When he returned, she was already under the blanket, lying on her side, facing away. He wore a pair of shorts and an old T-shirt, soft with wear. He slid in behind her. Close, but not touching.
For a moment, nothing moved. Then she shifted, slow and certain, until her back touched his chest and her body settled into his. The contact felt quiet, instinctive--neither invitation nor test, just something her body needed more than space.
She reached for his wrist and drew his arm across her, settling it where it felt right. Just to know he was there. Quiet. Steady. To bring her through the night. She lay still for a long time, her body aware of his presence, relaxed against him. The day had offered too many mirrors; now she longed for a pause from reflection.
Yet a subtle alertness remained inside her, a thought still unfinished. It wasn't jealousy or curiosity. Just a need to know what kind of presence she had let that close.
Eventually, her voice reached him, soft in the dark.

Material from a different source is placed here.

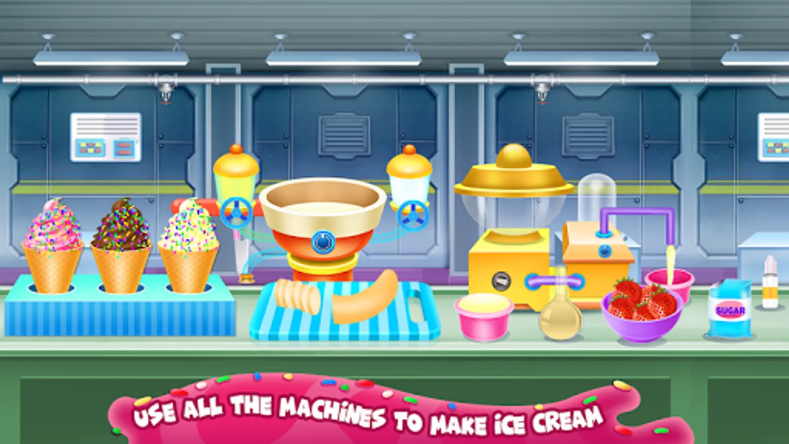 When you are handling an ice cream factory you should be aware of some facts that might influence your final product and you will notice those only when you are going to manage it all by yourself. So, play this cooking game and find what challenges prepared you in it's following stages and try to solve each issue that might come along once you try to create a delicious ice cream. Because of your room where all the magic of creating and designing is happening, you must make sure that the cleaning is in the proper standards and if not you should take care of that. Use the given tools to wash all the dirt that might compromise your process. Remove the garbage, swipe up the spider dust, get rid of the stains that are spread all over the walls and floor, repair the nonfunctional devices that need a recondition or even a total replace. When you are done you will be moving further to the part where the cream for the ice cream will be made. Cut the fruits, turn them into a paste and use all those sophisticated devices that are specialized in making your dough perfect. Add colorant and different flavors so you will be able to serve a diversity of yummy desserts. Next is the cone making. Use the recipe and the ingredients you've got to make the composition then fry it to be ready to get that cone shape. Put the ice cream in them and don't hesitate to decorate each flavor you've got which is the strawberry one, the chocolate and the apple one. Have fun and make your factory work in the right standards.
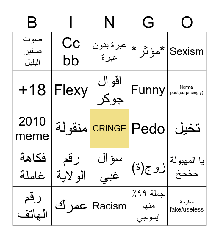 This bingo card has a free space and 24 words: رقم الهاتف, رقم الولاية, اقوال جوكر, جملة ٩٩٪ منها ايموجي, Sexism, صوت صفير البلبل, Cc bb, عبرة بدون عبرة, Pedo, تخيل, 2010 meme, Flexy, زوج(ة), يا المهبولة خخخخ, +18, عمرك, Racism, *مؤثر*, Normal post(surprisingly), فكاهة غاملة, منقولة, سؤال غبي, Funny and معلومة fake/useless.

"Did you sleep with many women?"
He hesitated. Not long--but just enough for her to notice.
"Yes," he said. Then, after a pause: "Each one was different."
She didn't react right away.
"And me?"
He took a moment. Then he shifted--barely--just enough for her to sense it.
"You are," he said. "In a way that stays."
She leaned into him, more fully now, until her back rested firm against his chest. Her hand found his and stayed there--not gripping, just holding. He didn't move. He simply stayed.
As the weight of the day faded, one thought moved through her--soft as the room around them.
Maybe learning something about herself never brought real fear. The frightening part was always the silence afterward.
Tonight, she didn't have to meet it alone.
Slowly, she let herself fall asleep.